Инспектор ливней и снежных бурь — страница 39 из 62

Много говорят о том, что этот закон попирается. Делать это вовсе нетрудно. Такой закон не подымается до уровня головы или разума: ему место только в грязи. Он вырос в грязи и пыли, на уровне ног, и каждый свободно идущий человек, если он не прибегает к софизмам и уверткам и не обходит, подобно милосердным индусам, всех ядовитых гадов, непременно на него наступит и будет, таким образом, попирать его ногами.

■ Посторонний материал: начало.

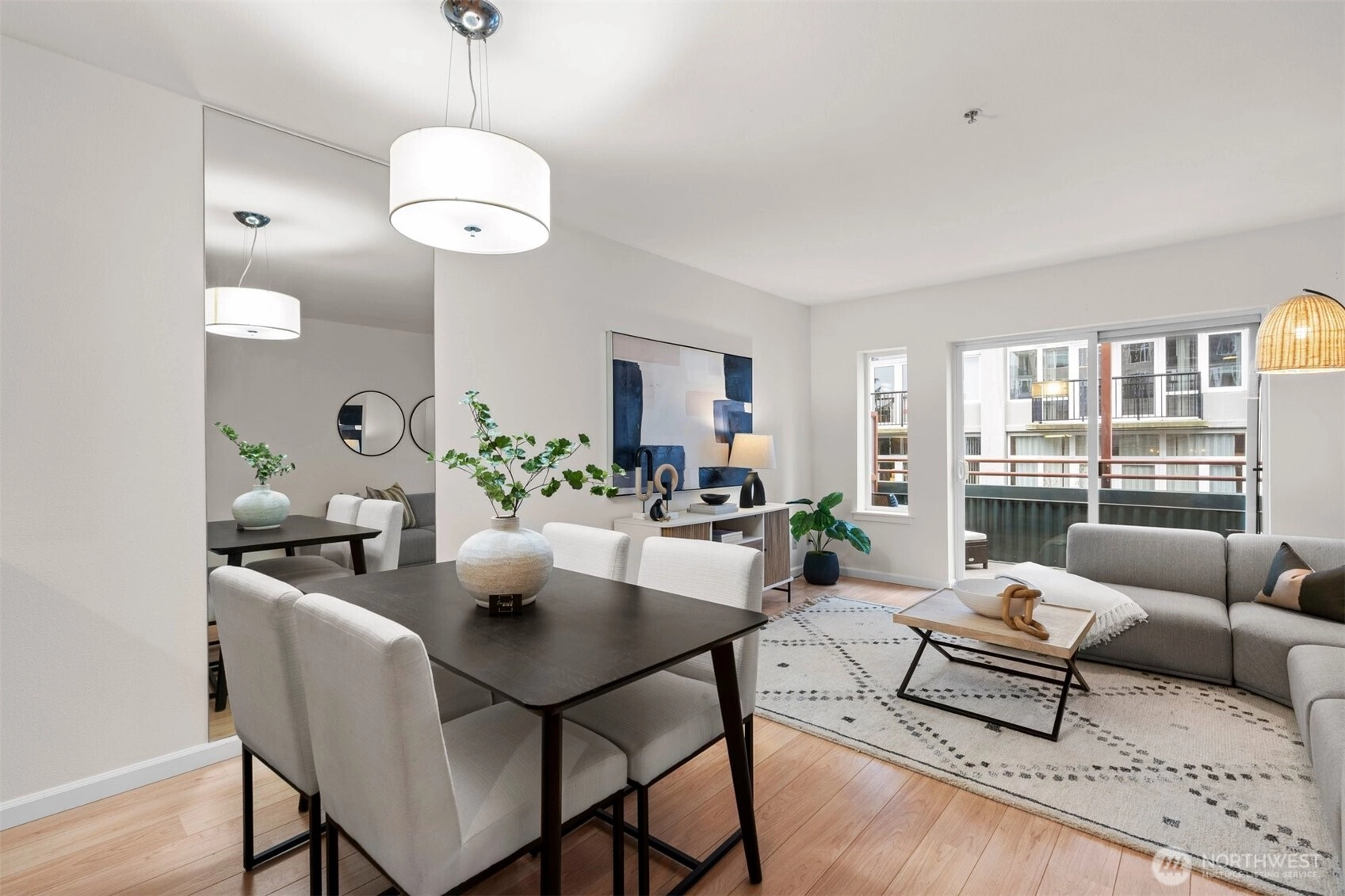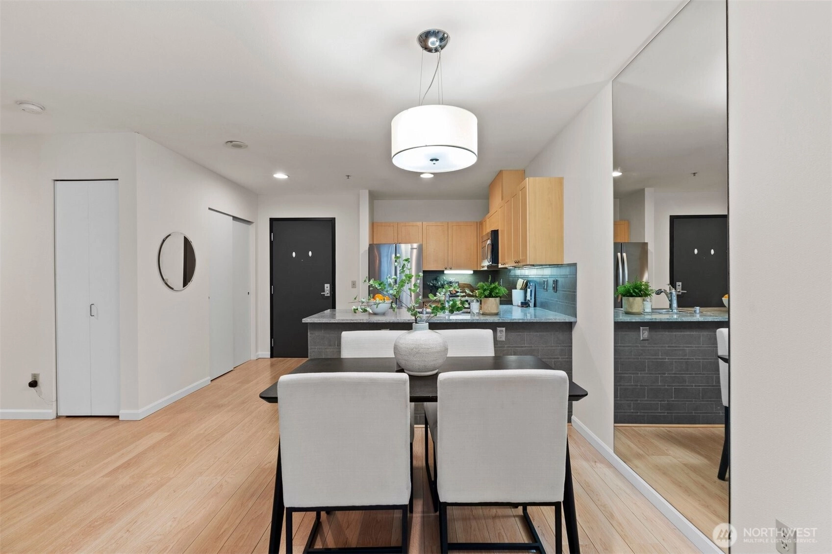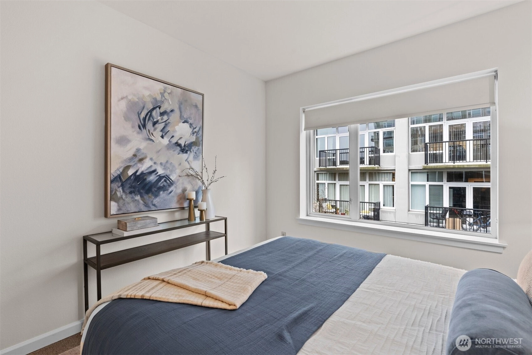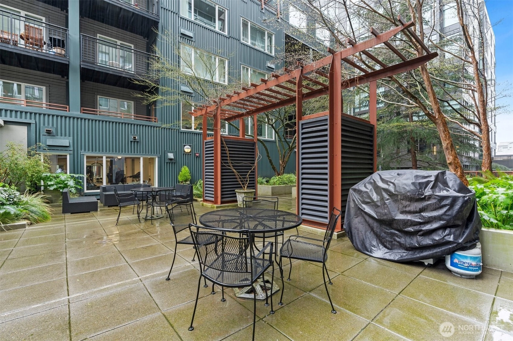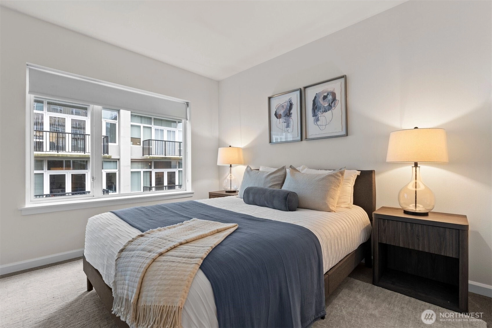 Top-floor spacious one-bedroom with a private balcony set back from the street, overlooking peaceful green space. The sun-filled living area features large windows, a slider to the balcony, and freshly painted interior—creating a bright, open feel. The updated kitchen offers quartz counters, stainless appliances, and an extra-large peninsula perfect for additional prep space or hosting friends.Additional highlights include a clever custom cloffice for Zoom calls or working from home, stackable washer/dryer, and a full bath with modern finishes. Includes covered, secured parking with EV station and your storage unit conveniently located across from your front door. Pet-friendly building with concierge, gym, guest suite, and a strong HOA with no rental cap. This quieter pocket of Belltown feels comfortably residential where you can get to know your neighbors and is an easy walk to the Waterfront, Sculpture Park, Pike Place Market, and the Elliott Bay Trail. The 95 Walk Score makes for the ultimate urban lifestyle.
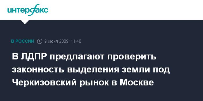 Москва. 9 июня. ИНТЕРФАКС - Парламентская фракция ЛДПР подняла вопрос о законности выделения земли под Черкизовский рынок в Москве. На заседании Госдумы во вторник член фракции ЛДПР Максим Рохмистров заявил, что 62 гектара, отведенных под Черкизовский рынок, являются федеральной землей. Он предложил дать поручение думскому комитету по собственности запросить в компетентных органах информацию о том, как было оформлено выделение обширного участка земли под Черкизовский рынок.
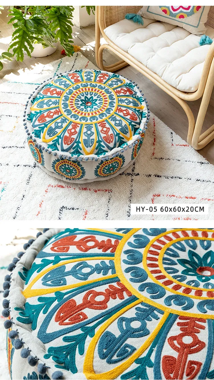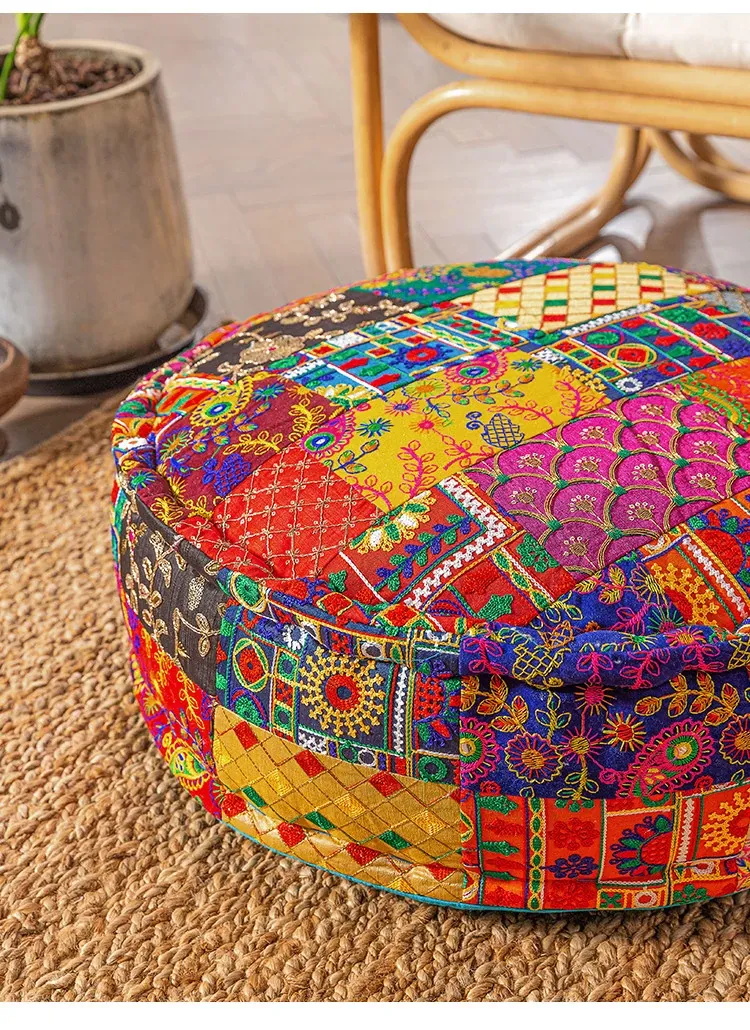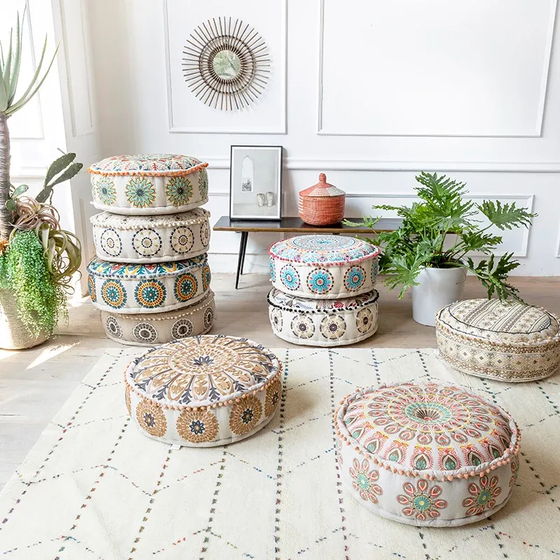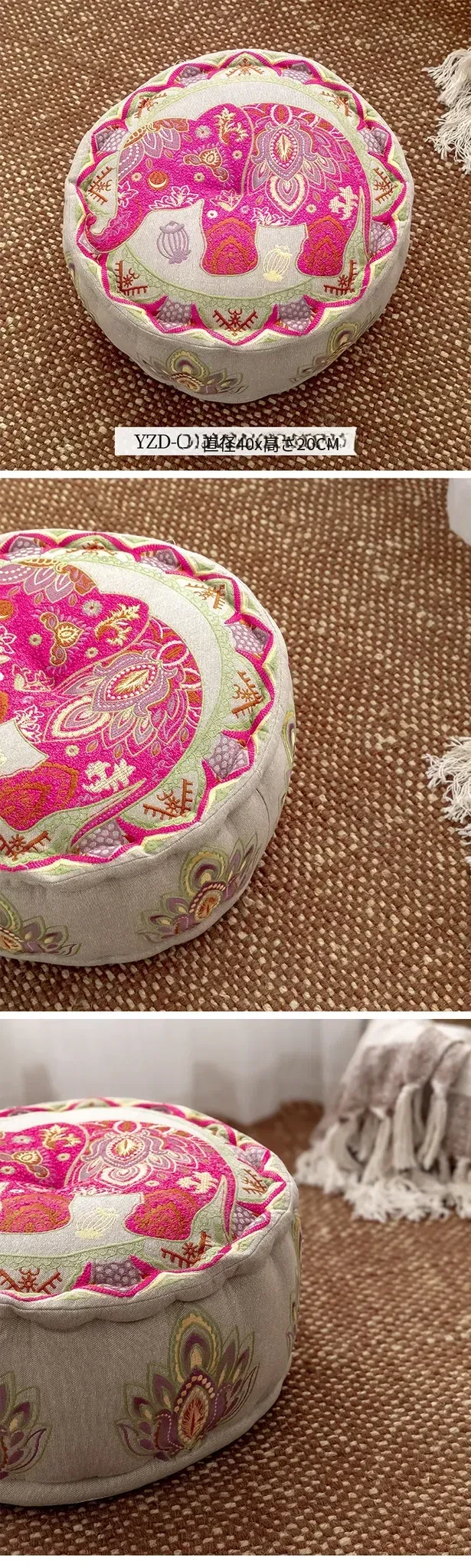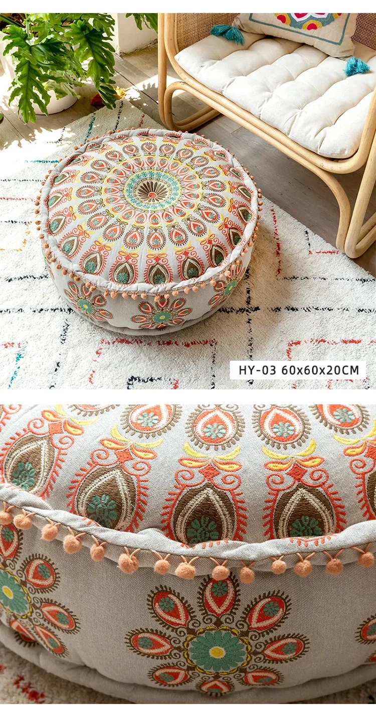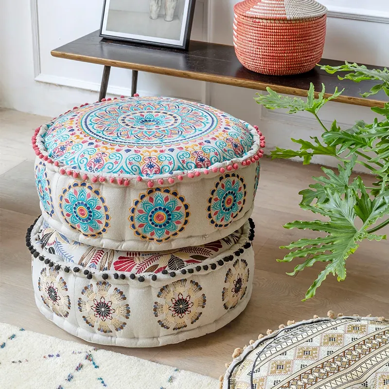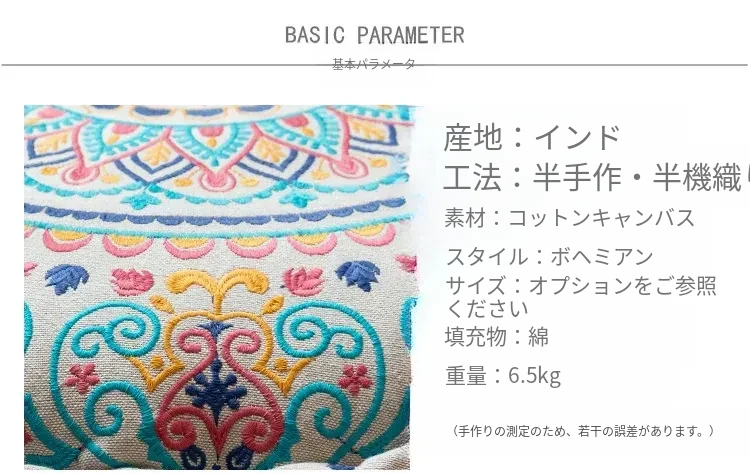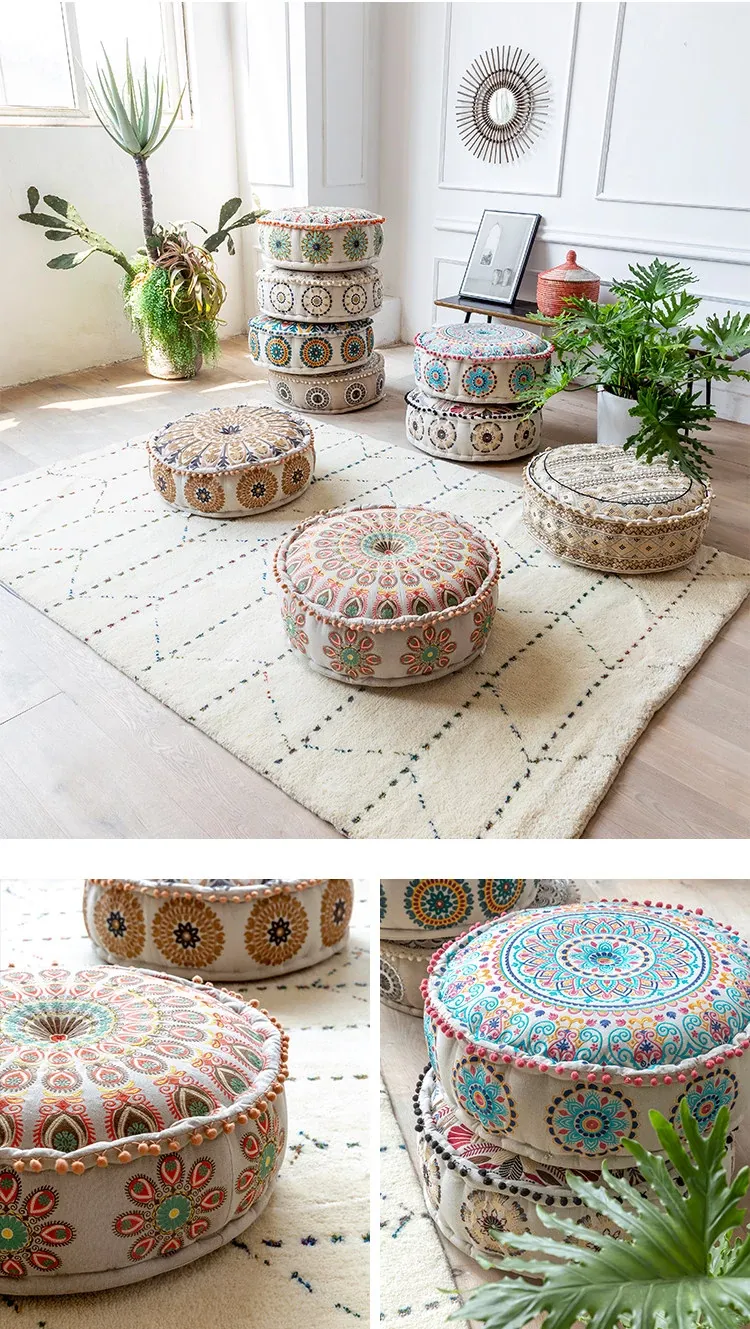 インド直輸入!厚手布製の大サイズ円形座布団 - 瞑想・座禅・ヨガに最適なタタミスタイルの座椅子。心地よい座り心地で、リラックスしたひとときをお届けします。
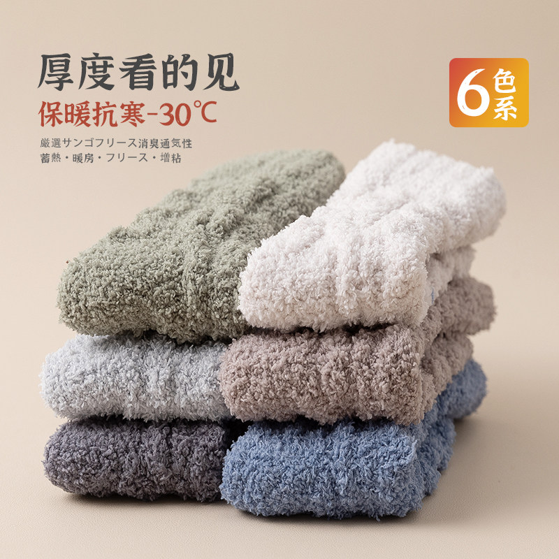 珊瑚绒袜子男款秋冬季加绒加厚保暖中筒袜冬天睡眠地板袜纯色长袜
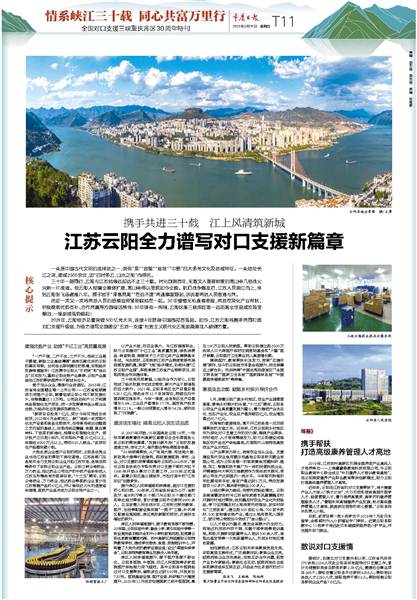2021年,云阳经济总量突破500亿元大关,连续4年跻身中国西部百强县。如今,江苏云阳将携手共同打造对口支援升级版,为奋力谱写全面建设“五地一支撑”社会主义现代化云阳新篇章注入磅礴力量。
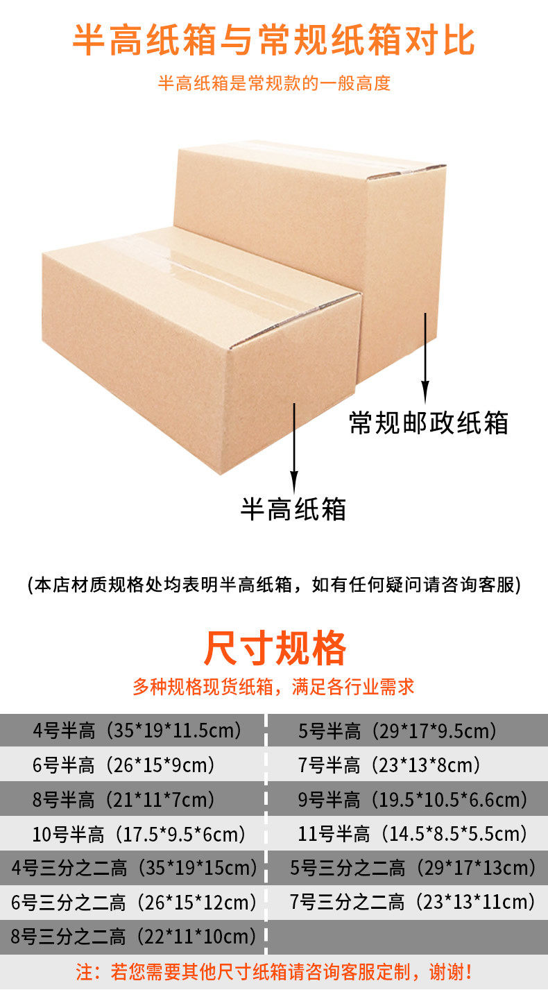 Half-height carton box corrugated express carton storage packaging flat rectangular cardboard box paper box wholesale
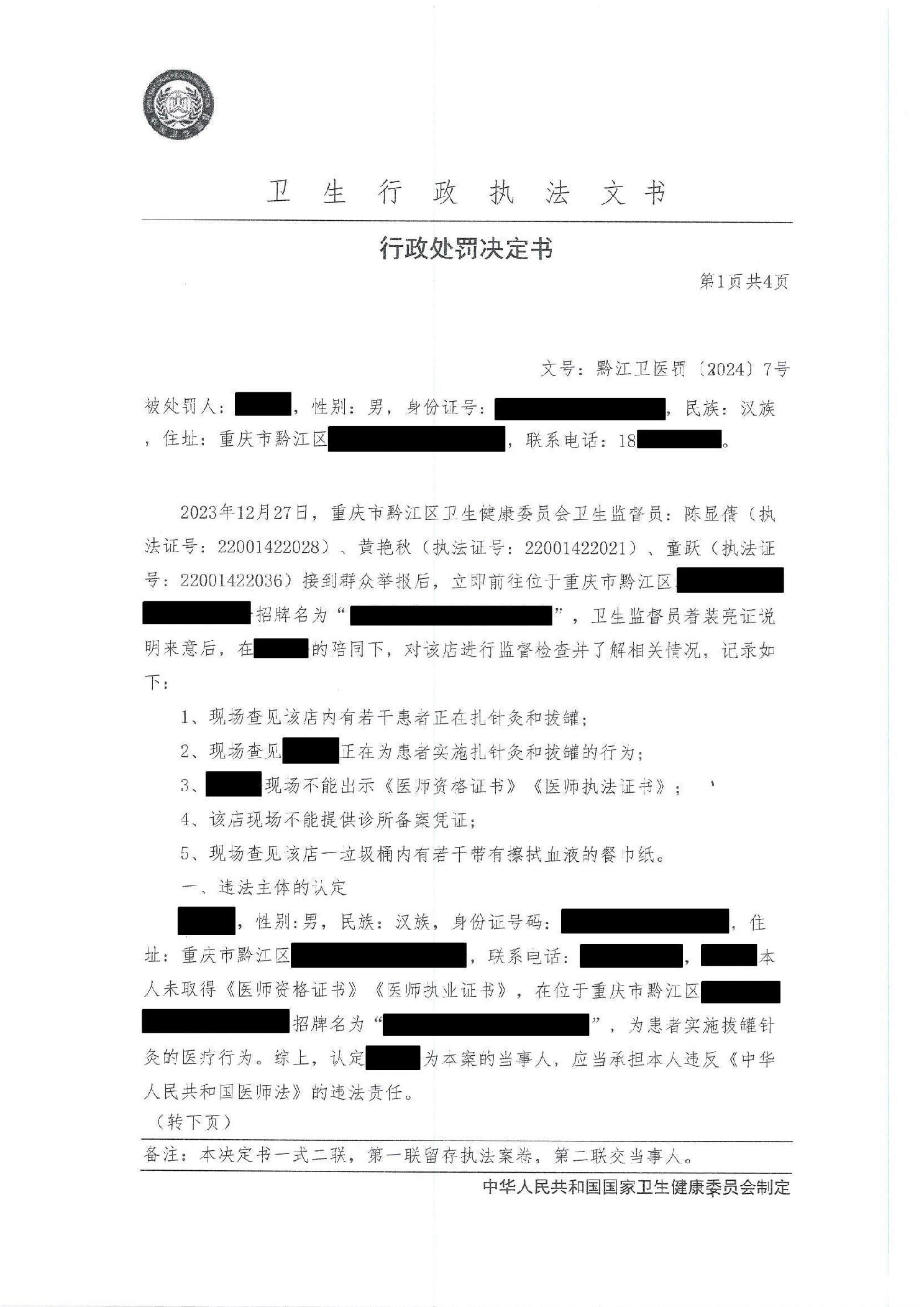 行政處罰決定書(黔江衛醫罰〔2024〕7號)">

Дело дошло до того, что друзья свободы, друзья раба содрогнулись при мысли о том, что его судьба находится в руках так называемых законных судов нашей страны. Люди не верят, что с ним поступят по справедливости. Судья решит так или иначе, в лучшем случае это будет случайностью. Ясно, что в столь важном деле он не компетентен. Я не доверил бы жизнь своего друга судьям всех верховных судов мира, вместе взятым, и не хотел бы, чтобы они приносили в жертву или спасали жизнь моего друга, опираясь на прецедент. Я гораздо охотнее положился бы на народ, что уже само по себе было бы прецедентом для потомков. Бго голосование, по крайней мере, представило бы какую-то ценность. Но тут мы имеем всего лишь скованное предрассудками суждение одного человека, в любом случае ничего не значащее.

Думаю, что недавние события поучительны: они отлично показали, как у нас вершится правосудие, вернее, где нужно искать подлинную справедливость в любом обществе. Для суда может оказаться роковым тот факт, что люди вынуждены обходить суд. Они узнают, что суды пригодны лишь для хорошей погоды и для самых мелких дел.

(Далее две страницы дневника отсутствуют) давайте иметь собственное мнение; давайте будем жителями города, а не пригорода, столь же удаленного от Бостона в этом смысле, как мы были отделены старой дорогой, что вела через Лексингтон; пусть наш город будет местом, где тирания встречает твердый отпор и, потерпев поражение, возвращается на свои корабли.

В Конкорде сохранилось еще несколько подобных мостов, и он собирает налоги на то, чтобы содержать их в порядке. Неужели он не может набрать людей, чтобы защитить их?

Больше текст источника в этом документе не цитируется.